やはり上京区的な貧乏で気位の高い庶民が、自転車や安い車で走ってる寺ノ内通を、少し東へ。
表千家会館から暇なおばさんや団体が流れてきたら嫌だなと思ってましたが、そんなことは全くなし。
近くには人形展の看板が立ってて、表千家から誘導してるようにも見えますが、観光客風の姿もなし。
これまた京都の和菓子屋中の和菓子屋と言うべき俵屋吉富が近くにありますが、セレブ感も皆無。

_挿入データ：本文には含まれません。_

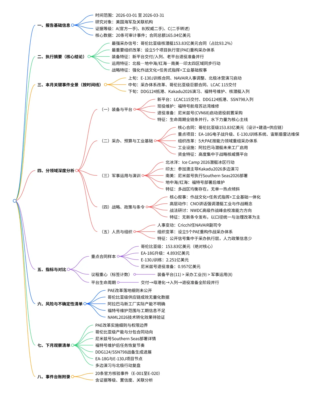 这份月报的吸引力,在于它不是新闻摘编,而是把3月海军动态压缩成一套可审计、可追踪、可比较的观察框架。读者不仅能看到发生了什么,更能看清哪些是真正重要的信号。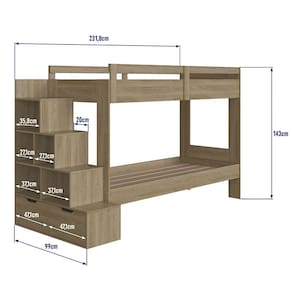 Beliche Infantil com Escada, Nichos e Gavetas BI001 Linha Infanto Aveiro OAK Completa Móveis - Marrom

そんな寺ノ内通をいくらも歩かないうちに、宝鏡寺、到着しました。人形展の看板、出てますね。
宝鏡寺。本名、西山宝鏡寺。百々御所なる別名も持つほど、皇族との縁深き尼門跡寺院であります。
尼寺である景愛寺の支院として光厳天皇皇女の華林宮惠厳が創建し、江戸期は皇女が住持を歴任。
「宝鏡」 の名は、御所ゆかりの本尊・聖観世音菩薩が、手に小さな鏡を持つことに由来するそうです。


江戸期に深化した皇室との縁は遷都の頃まで続き、かの和宮も幼少時にはこの寺で遊んだとか。
ゆえに、御所より贈られた花・樹木・人形も多し。人形の多さは、 「人形の寺」 なる呼称も生みました。
一方で建築も見物であり、大門には京都市指定有形文化財に指定されてるぞ云々の記載もあります。
が、今日の用事はあくまでも、人形です。門本体は拝観謝絶棒で塞がってるので、勝手口から中へ。


入ったら、不気味・・・ではなくて可愛い人形が迎えてくれました。御所人形を彫った人形塚です。
ロイヤルな人形を長らく秘蔵してた宝鏡寺ですが、大人の事情なのか何なのか、戦後に公開を開始。
その頃、やはり大人の事情なのか何なのか、京人形商工業組合が京人形のPRのためこの塚を建立。
以来、愛される役目を終えた人形達と、人形の制作に携わった人達を、現在でも祀ってます。合掌。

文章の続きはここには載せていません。